Individual payouts from the suit—the aggregate amount is one of the largest in a private antitrust case of its kind—will be a welcome boost for funds still reeling from rocky markets in 2015. Many fund firms have been burned by investments in distressed corporate bonds and wagers on energy.

Other firms in line for large sums include funds affiliated with Anchorage Capital Group LLC, BlackRock Inc., Bridgewater Associates LP, Pacific Investment Management Co., and Saba Capital Management LP, the people said.

The exact payouts won’t be known by funds for weeks. Funds that hope to collect must file claims, which will have to be audited and qualified by a claims administrator. The final settlement of the case must be approved by a court.

A dozen of Wall Street’s biggest banks agreed last year to settle accusations that they conspired to prevent competition in the credit-derivatives markets, according to the complaint.

The suit alleged that the banks overcharged clients and, together with two other institutions, delayed credit derivatives from being openly traded on exchanges, where prices would be more transparent. In settling, the defendants didn’t admit or deny fault. The process that moves forward Monday will allocate payouts from that suit.

There are up to 14,000 potential class members who could become eligible claimants if they traded with the defendant banks in the time period of the class, from January 2008 to September 2015, and meet other criteria. Some could opt out, for example, if potential legal and administrative fees dwarf their likely share.

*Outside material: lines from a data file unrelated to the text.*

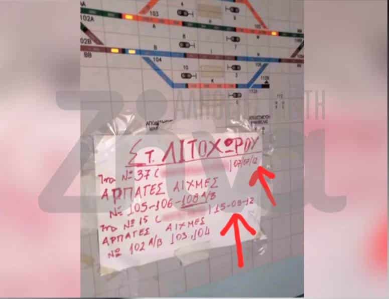 «Οι σταθμοί που είναι εντός της τηλεδιοίκησης που δεν έχουν κανέναν έλεγχο των αιχμών είναι οι εξής: Παλαιοφαρσάλου τελείως σβηστός, Σταθμός Ορφανά, όλα τα κυκλώματα σε άνοδο-κάθοδο ερυθρά. Σταθμός Δοξαρά όλα ερυθρά με αρπάγες. Σταθμός Κραννώνα όλα ερυθρά. Σταθμός Μεζούρλου όλα ερυθρά και επειδή γίνονται χειρισμοί στις αιχμές επιβάλλεται να έχουμε έλεγχο. Σταθμός Λάρισας όλα ερυθρά και εδώ επιβάλλεται να έχουμε έλεγχο διότι γίνονται συνεχώς χειρισμοί από τους κλειδούχους και μπορούμε αν είχαμε έλεγχο να διορθώσουμε τυχόν λάθος τους. Στις σήραγγες των Τεμπών και του Πλαταμώνα (Νέοι Πόροι) όλα τα κυκλώματα ανόδου-καθόδου. Δεν έχουμε κανένα έλεγχο ούτε καμερών ασφαλείας ούτε πυρασφάλειας-πυρανίχνευσης σε περίπτωση πυρκαγιάς δεν μπορούμε να αποκλείσουμε την είσοδο των αμαξοστοιχιών σε αυτές (στις σήραγγες). Τα κυκλώματα των σηράγγων που είναι ερυθρά επιβάλλεται να καθαριστούν για την ασφαλή κυκλοφορία των αμαξοστοιχιών σε αυτές. Η διαδοχή των αμαξοστοιχιών γίνεται σε πολλές περιπτώσεις με τη χρήση κινητών τηλεφώνων».
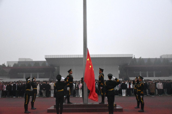 为增强学生的爱国情怀,响应校团委工作号召,医学护理学院于11月11日在高新校区操场举行了一场以“我与祖国共奋进”为主题的升国旗仪式。医学护理学院书记刘国宣、学工办主任杨丙南以及全体辅导员班主任老师率先垂范,站在队伍前列,与全体在校学生一同参与了这一庄严时刻。
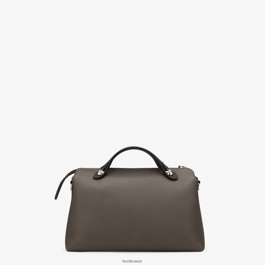 حقيبة باي واي بوسطن المميزة المتوسطة الحجم مصنوعة من الجلد باللون الرمادي الداكن مع سحاب للإغلاق.
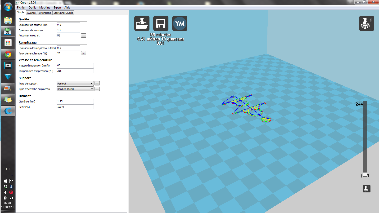 J'ai un petit problème, depuis cet après midi, le ventilateur axial (branché en d9) s'enclenche dès la première couche, et le skirt (ligne autour de la pièce) ne s'effectue plus. J'ai essayé de recharger le profil de premium mais c'est toujours la même chose. C'est très entêtant pour la qualité d'impression... :(
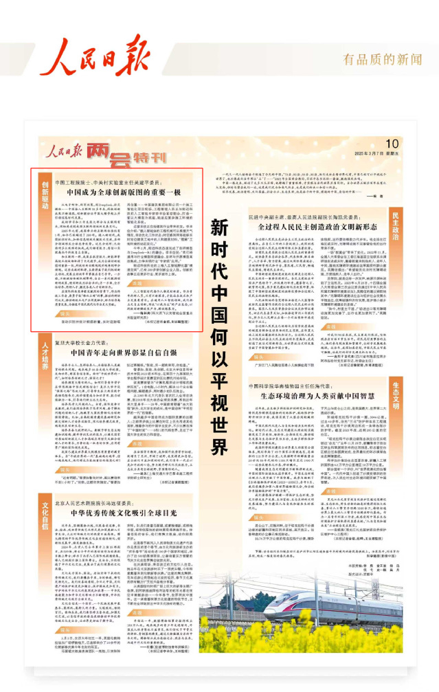 在2025年全国两会胜利召开之际,3月7日,《人民日报》“两会特刊”刊发全国政协常委、中国工程院院士、中关村实验室主任吴建平访谈报道《中国成为全球创新版图的重要一极》,内容如下。

The plaintiff law firms, Quinn Emanuel Urquhart & Sullivan LLP and Pearson, Simon & Warshaw LLP, plan to file with the court for fees of up to 14% of the total pot, some people said.

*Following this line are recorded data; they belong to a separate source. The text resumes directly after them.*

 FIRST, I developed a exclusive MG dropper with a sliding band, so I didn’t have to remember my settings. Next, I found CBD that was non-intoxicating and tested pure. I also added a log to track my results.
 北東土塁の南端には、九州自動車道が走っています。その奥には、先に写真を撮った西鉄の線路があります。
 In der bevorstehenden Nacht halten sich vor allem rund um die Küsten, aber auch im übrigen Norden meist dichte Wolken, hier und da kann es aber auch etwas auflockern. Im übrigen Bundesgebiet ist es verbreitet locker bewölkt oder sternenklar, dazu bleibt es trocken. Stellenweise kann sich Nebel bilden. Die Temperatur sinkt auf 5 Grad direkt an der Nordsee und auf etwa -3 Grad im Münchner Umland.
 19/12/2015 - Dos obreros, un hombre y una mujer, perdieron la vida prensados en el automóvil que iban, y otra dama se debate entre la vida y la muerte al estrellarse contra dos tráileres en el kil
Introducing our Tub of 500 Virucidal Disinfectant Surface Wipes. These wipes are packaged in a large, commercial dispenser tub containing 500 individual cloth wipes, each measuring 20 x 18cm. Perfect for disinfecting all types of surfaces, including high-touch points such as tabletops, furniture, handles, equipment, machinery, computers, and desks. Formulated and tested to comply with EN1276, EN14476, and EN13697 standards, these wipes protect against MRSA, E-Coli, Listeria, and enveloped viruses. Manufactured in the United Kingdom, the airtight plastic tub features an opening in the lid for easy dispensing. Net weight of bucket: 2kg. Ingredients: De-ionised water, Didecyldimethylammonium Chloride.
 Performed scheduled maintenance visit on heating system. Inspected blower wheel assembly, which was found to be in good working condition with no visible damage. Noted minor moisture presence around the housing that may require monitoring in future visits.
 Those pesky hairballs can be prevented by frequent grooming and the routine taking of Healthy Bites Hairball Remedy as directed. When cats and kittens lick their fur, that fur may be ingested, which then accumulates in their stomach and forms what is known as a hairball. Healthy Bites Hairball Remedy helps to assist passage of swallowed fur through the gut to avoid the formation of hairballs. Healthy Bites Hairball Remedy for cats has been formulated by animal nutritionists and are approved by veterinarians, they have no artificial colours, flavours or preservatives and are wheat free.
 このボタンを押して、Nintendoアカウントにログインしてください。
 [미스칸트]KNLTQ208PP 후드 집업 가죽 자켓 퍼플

The methodology for awarding payouts will likely reflect several considerations, including whether the swaps were based on individual borrowers or indexes, the face amount traded and what year the trades were entered, said people familiar with the case.

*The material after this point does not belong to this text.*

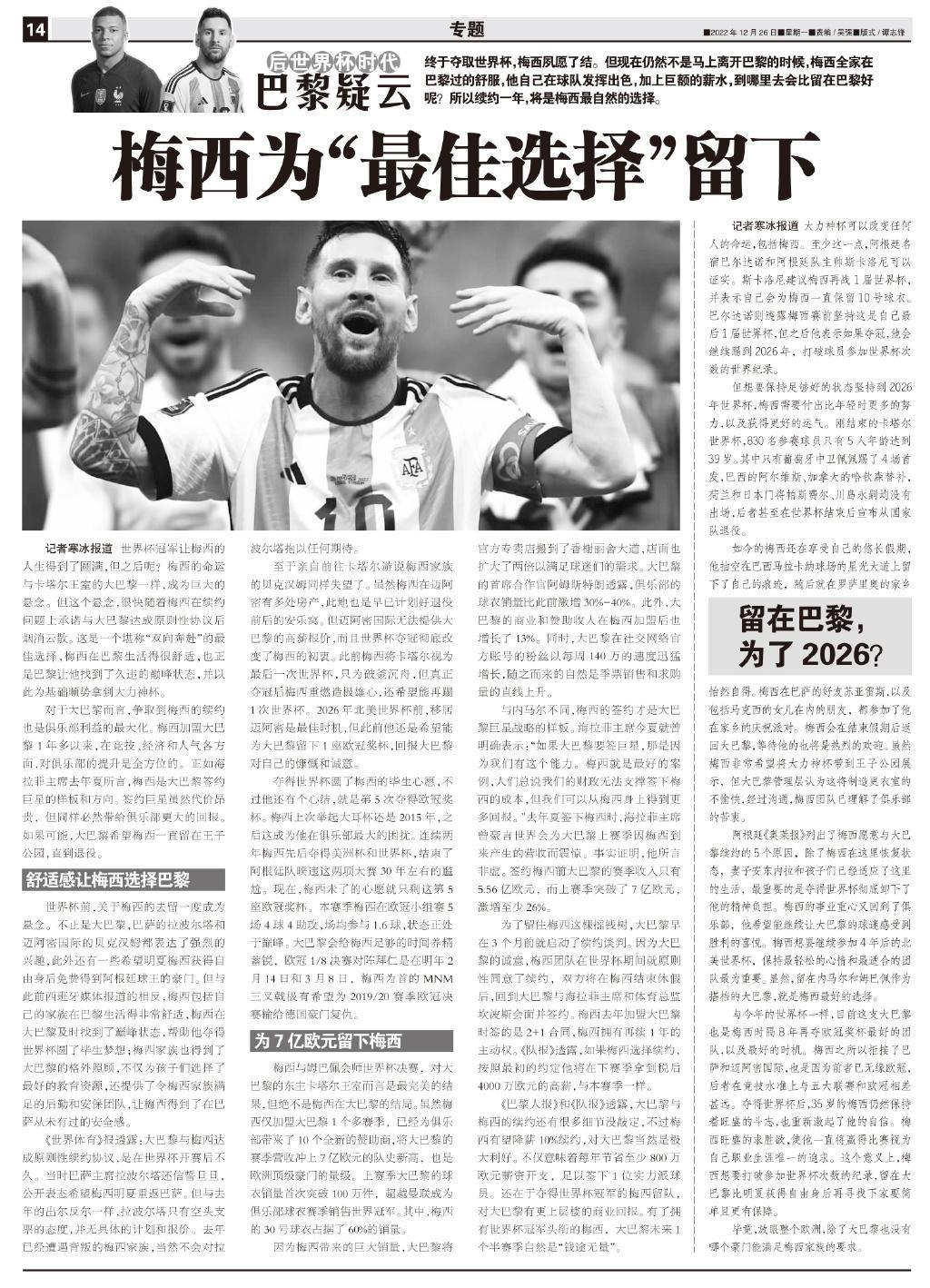 世界盃前,關於梅西的去留一度成爲懸念。不止是大巴黎,巴薩的拉波爾塔和邁阿密國際的貝克漢姆都表達了強烈的興趣,此外還有一些希望明夏梅西獲得自由身後免費得到阿根廷球王的豪門。但與此前西班牙媒體報道的相反,梅西包括自己的家族在巴黎生活得非常舒適,梅西在大巴黎及時找到了巔峯狀態,幫助他奪得世界盃圓了畢生夢想;梅西家族也得到了大巴黎的格外照顧,不僅爲孩子們選擇了最好的教育資源,還提供了令梅西家族滿足的後勤和安保團隊,讓梅西得到了在巴薩從未有過的安全感。

Those working as experts on the case include the Berkeley Research Group consultancy and Stanford University finance professor Darrell Duffie. According to court filings, Mr. Duffie has conducted substantial research on credit derivatives and wrote a book on “dark” markets.

Mr. Duffie said in an interview the case has implications for investors crying foul about other Wall Street instruments that don’t trade on exchanges. One lawsuit already filed concerns derivatives called interest-rate swaps.

“Some of our existing markets are better than others from the viewpoint of broad access, transparency and competitiveness,” said Mr. Duffie.